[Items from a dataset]
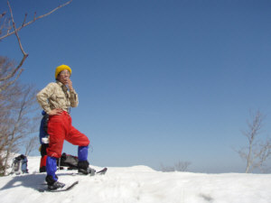 1230m峰へはスノウシューで15分。ここで、簡単な昼食。
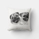 Two Pugs Black and White sketch on square pillow. Designed by Snail Mail Forever. www.snailmailforever.com
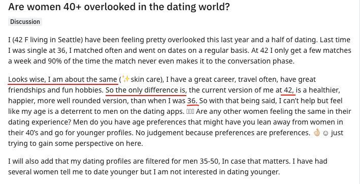42 and is asking why the guys in her age filter (35-50) don’t want her? 35? Even 50 is too young honestly, she should shift over to 50-99. She’s being greedy trying to pull a 7 year younger man for commitment when she couldn’t manage to lock a 35 year old 25 years ago
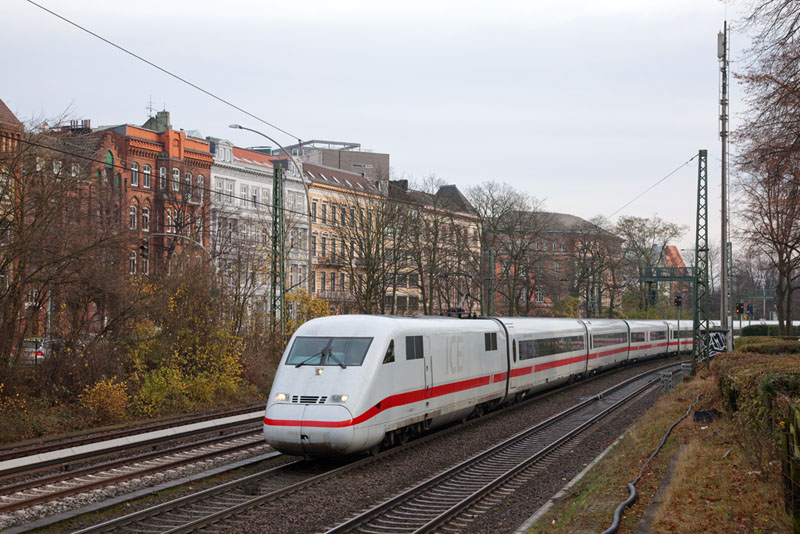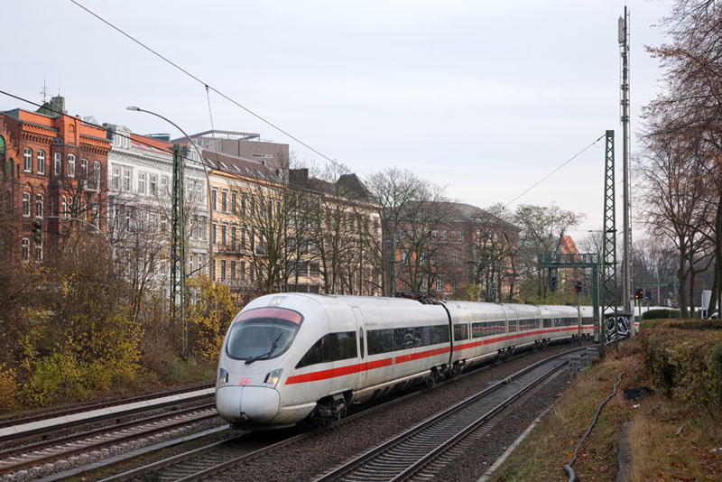 | Nach Hamburg-Altona fuhr der ICE-T 411 002/502 als ICE 1516 von Berlin. Hamburg-Rotherbaum, 23. November 2012 |
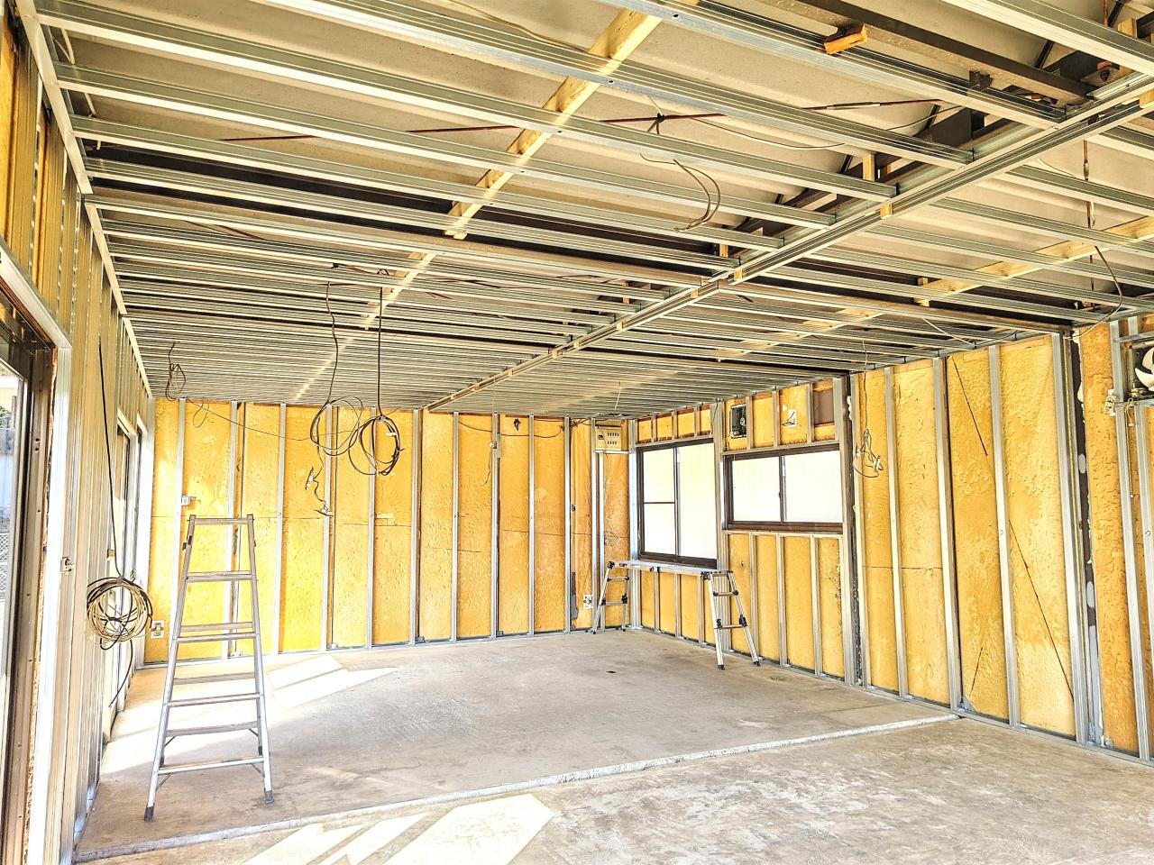 坂出市でプレハブ改装 軽天下地 ボード貼り施工しました。
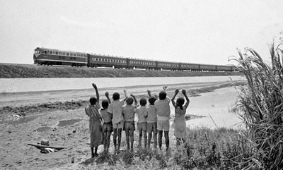 贊比亞魯西瓦西湖畔的少年兒童歡迎坦贊鐵路的列車通到他們的家鄉(xiāng)(1976年攝)。新華社發(fā)
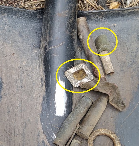 На первой лопате(камрада Skif67)Запонка и гильза учебного патрона,пломба В,непонятная латунная втулка.
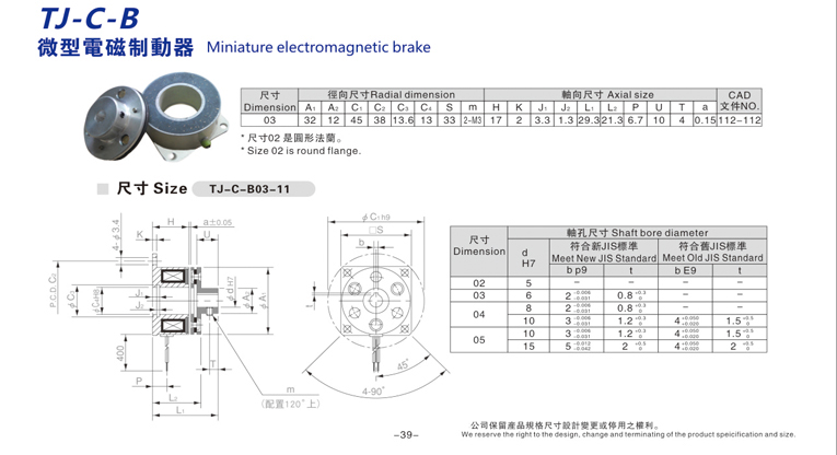 該型微型電磁制動器(TJ-C-B)基本設(shè)計與微型電磁離合器(TJ-C-A)基本相同,是一種高性并且結(jié)構(gòu)緊湊的微型制動器,其制動能強,最適合高精度定位,可以安裝在小型精密機械品上任何安裝位置,簡單且方便。微型電磁制動器具有安裝快捷、噪音低、制動平穩(wěn)、耐用等優(yōu)點,可與微電機配套使用,被廣泛應(yīng)用于廣泛應(yīng)用于門機驅(qū)動、電動輪椅、倉儲自動控制、自動門、醫(yī)療器械、步進電機等自動化機械傳動系統(tǒng)中,起快速停車、安全制動作用。
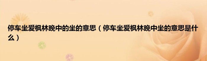 大家好,小科来为大家解答以上问题。停车坐爱枫林晚中的坐的意思,停车坐爱枫林晚中坐的意思是什么很多人还不知道,现在让我们一起来看看吧!
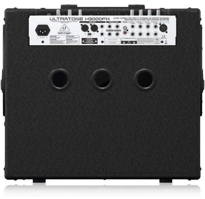 The 300-Watt ULTRATONE K3000FX excels as an extraordinarily versatile keyboard and electronic drum kit amplifier, as well as a high-quality 4-channel Public Address (PA) system, with a world-class, 15″ BUGERA Speaker, all-in-one compact and easy-to-transport package. Specializing in rich, accurate tone and professional features, such as a studio-grade Multi-FX Processor and our own FBQ Feedback Detection System, this powerful workhorse will bring out the best in your performance gig after gig.
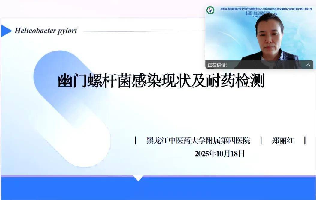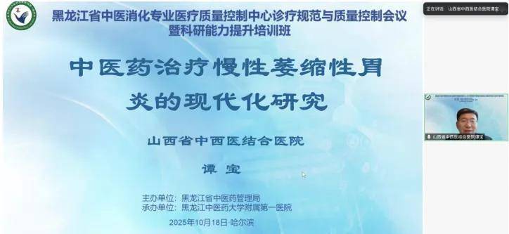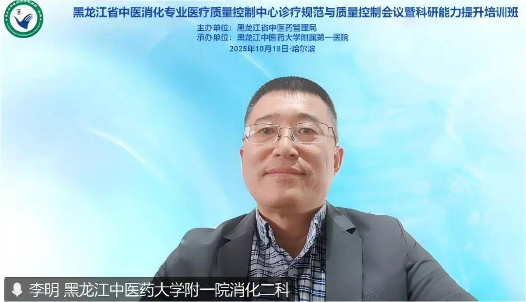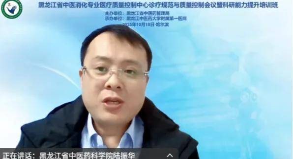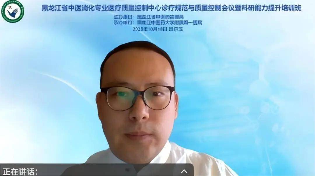 10月18日,由黑龙江中医药大学附属第一医院消化二科承办的黑龙江省中医消化专业医疗质量控制中心诊疗规范与质量控制会议暨科研能力提升培训班以线上形式顺利开展,旨在进一步规范全省中医消化专业的诊疗行为,提升医疗服务质量与同质化水平,推动学科内涵建设与高质量发展。黑龙江省中医药管理局医政处三级科员谢新敏,黑龙江中医药大学附属第一医院副院长李竹英,消化二科主任、黑龙江省中医消化专业医疗质量控制中心主任王海强参加会议并讲话,来自全省各级医疗机构的200余位相关专业人员参会。
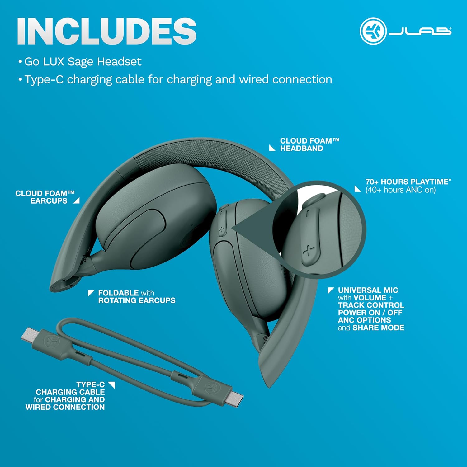 JLab Go Lux ANC Wireless Headphones, Cloud White, Hybrid Active Noise Cancelling, Premium On-Ear Bluetooth Headset, Customizable Sound, Be Aware Mode, Cloud Foam Comfort, Multipoint ConnectionPL17-B0DRDSMX41
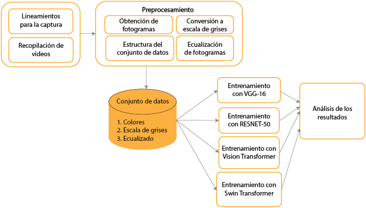 La investigación se inició con la definición de los lineamientos para la captura de videos. Una vez recolectados, comenzó la etapa del preprocesamiento de imágenes, donde se descompuso los videos en fotogramas. Luego, se dividió los tres conjuntos de datos que se tenía: imágenes a colores, a escalas de grises y ecualizadas1. Después de ello, se seleccionó solo el conjunto de datos con imágenes a colores para realizar el entrenamiento de dos redes neuronales convolucionales: VGG-16 y RESNET-50, un modelo de Vision Transformer y un modelo de Swin Transformer. Una vez que se obtuvieron los resultados de los modelos, se realizó un análisis comparativo. En la Figura 1 se puede apreciar cada una de las etapas.
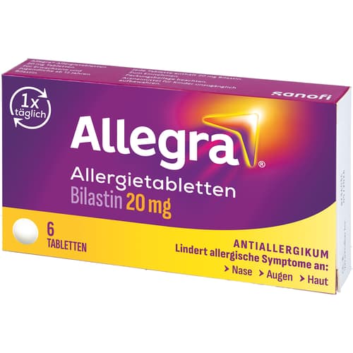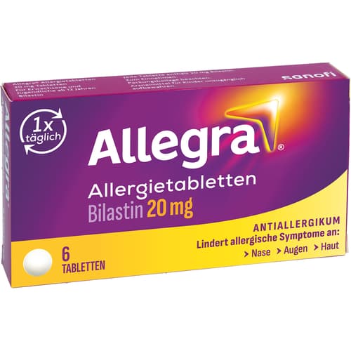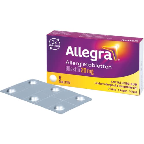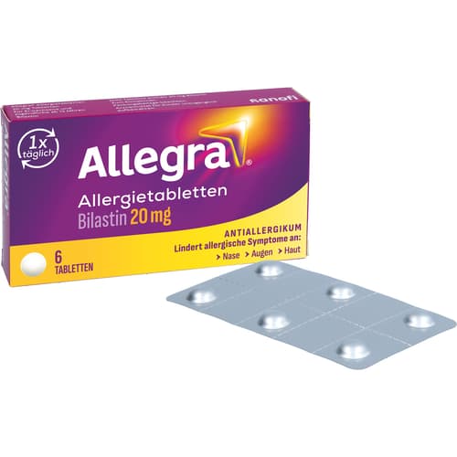 Allegra Allergietabletten 20 mg Tabletten. Wirkstoff: Bilastin. Anwendungsgebiete: Allegra Allergietabletten werden angewendet, um die Beschwerden von allergischer Rhinokonjunktivitis (Niesen, juckende, laufende, verstopfte Nase und rote und tränende Augen) bei saisonalen Formen (z. B. Heuschnupfen) sowie bei ganzjährigen Formen (z. B. Hausstaubmilbenallergie) zu lindern. Sie können auch angewendet werden, um juckende Hautausschläge (Nesselsucht oder Urtikaria) zu behandeln.Zu Risiken und Nebenwirkungen lesen Sie die Packungsbeilage und fragen Sie Ihre Ärztin, Ihren Arzt oder in Ihrer Apotheke.

• [Work request] Your answer must be the lines from the opening line of the entries through the line holding "На первой лопате(камрада", written out exactly and without any picture.

• [Task result]
 1230m峰へはスノウシューで15分。ここで、簡単な昼食。
 Two Pugs Black and White sketch on square pillow. Designed by Snail Mail Forever. www.snailmailforever.com
42 and is asking why the guys in her age filter (35-50) don’t want her? 35? Even 50 is too young honestly, she should shift over to 50-99. She’s being greedy trying to pull a 7 year younger man for commitment when she couldn’t manage to lock a 35 year old 25 years ago
 | Nach Hamburg-Altona fuhr der ICE-T 411 002/502 als ICE 1516 von Berlin. Hamburg-Rotherbaum, 23. November 2012 |
 坂出市でプレハブ改装 軽天下地 ボード貼り施工しました。
 贊比亞魯西瓦西湖畔的少年兒童歡迎坦贊鐵路的列車通到他們的家鄉(xiāng)(1976年攝)。新華社發(fā)
 На первой лопате(камрада Skif67)Запонка и гильза учебного патрона,пломба В,непонятная латунная втулка.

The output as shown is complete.